5. The statute (the highway damage act) upon which this action is predicated limits the liability for injury on its highways or bridges to the provisions of the act, ana proydes that:

“In all actions brought under this act it must be *306shown that such * * * city has had reasonable time and opportunity, after knowledge by or notice to such * * ■ * city that such highways, streets, bridges * * * have become unsafe, or unfit for travel, to put the same in the proper condition for use, and has not used reasonable diligence therein after such knowledge or notice.” 1 Comp. Laws § 3442 (1 Comp. Laws 1915, § 4288).

It was the contention of the defendant’s counsel that the accident was due to a defective mechanism, which defect had not been discovered at the time of the accident. For the purpose of showing the existence of this defect, and lack of knowledge and use of diligence by the city, he made an offer to show that the morning after the accident a defect was discovered in the mechanism of the gate which prevented its lowering when the button was turned the first time the defendant attempted to lower it after the accident; that neither the defendant nor its agents knew of any such defect before the injury, nor had any notice; and that one of the defendant’s officers, when the gate refused to work on the first subsequent trial, ordered the draw closed, and fixed the defect in the mechanism of the contact box, and on the next opening of the draw the gate worked. The claim of the plaintiff is grounded solely on negligent operation by the bridge tender. We are of the opinion that the defendant had a right to have its theory of the accident, viz., a defective mechanism of which the city had no notice, submitted to the jury, and that it was prejudicial error to exclude the testimony offered, above referred to.
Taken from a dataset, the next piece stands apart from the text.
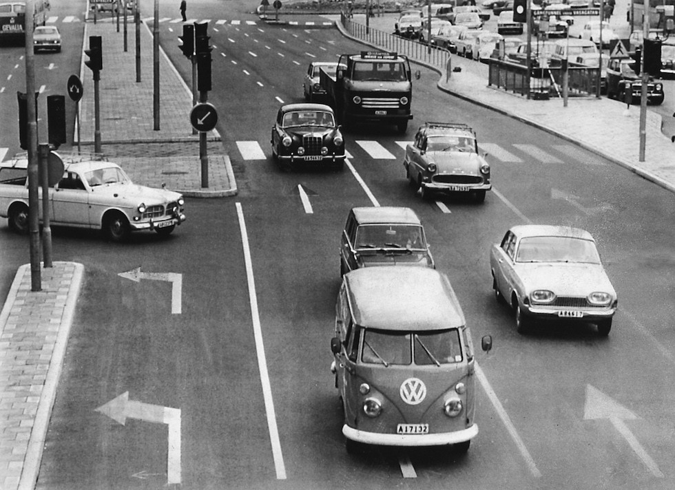 Sweden changed from driving on the left to driving on right, 5 AM, September 3, 1967.

The defendant proved that the bridge and gates were inspected only several hours before the accident, and that they worked at 8:30 o’clock, about three hours earlier. The evidence offered and rejected, in our opinion, tended strongly to show that the accident was not due to a negligent failure of the bridge tender to turn the button for the lowering of the gate, but was due to a *307sudden defect in the mechanism of which the city did not have notice, even after an inspection which took place that day; constructive notice and knowledge being both negatived by the fact that the gate worked at 8:30 the same evening. As to the question of notice, see Randall v. Township of Southfield, 116 Mich. 501, 504 (74 N. W. 716); McEvoy v. City of Sault Ste. Marie, 136 Mich. 172, 175 (98 N. W. 1006); Walls v. City of Detroit, 171 Mich. 612 (137 N. W. 532).

We have examined the other assignments of error, and, finding them without merit, do not deem any discussion of them necessary. For the reason above stated, the judgment must be reversed, and a new trial granted, with costs to defendant.

Stone, C. J., and Bird, Moore, Steere, and Person, JJ., concurred with Kuhn, J. Ostrander and Brooke, JJ., concurred in the result.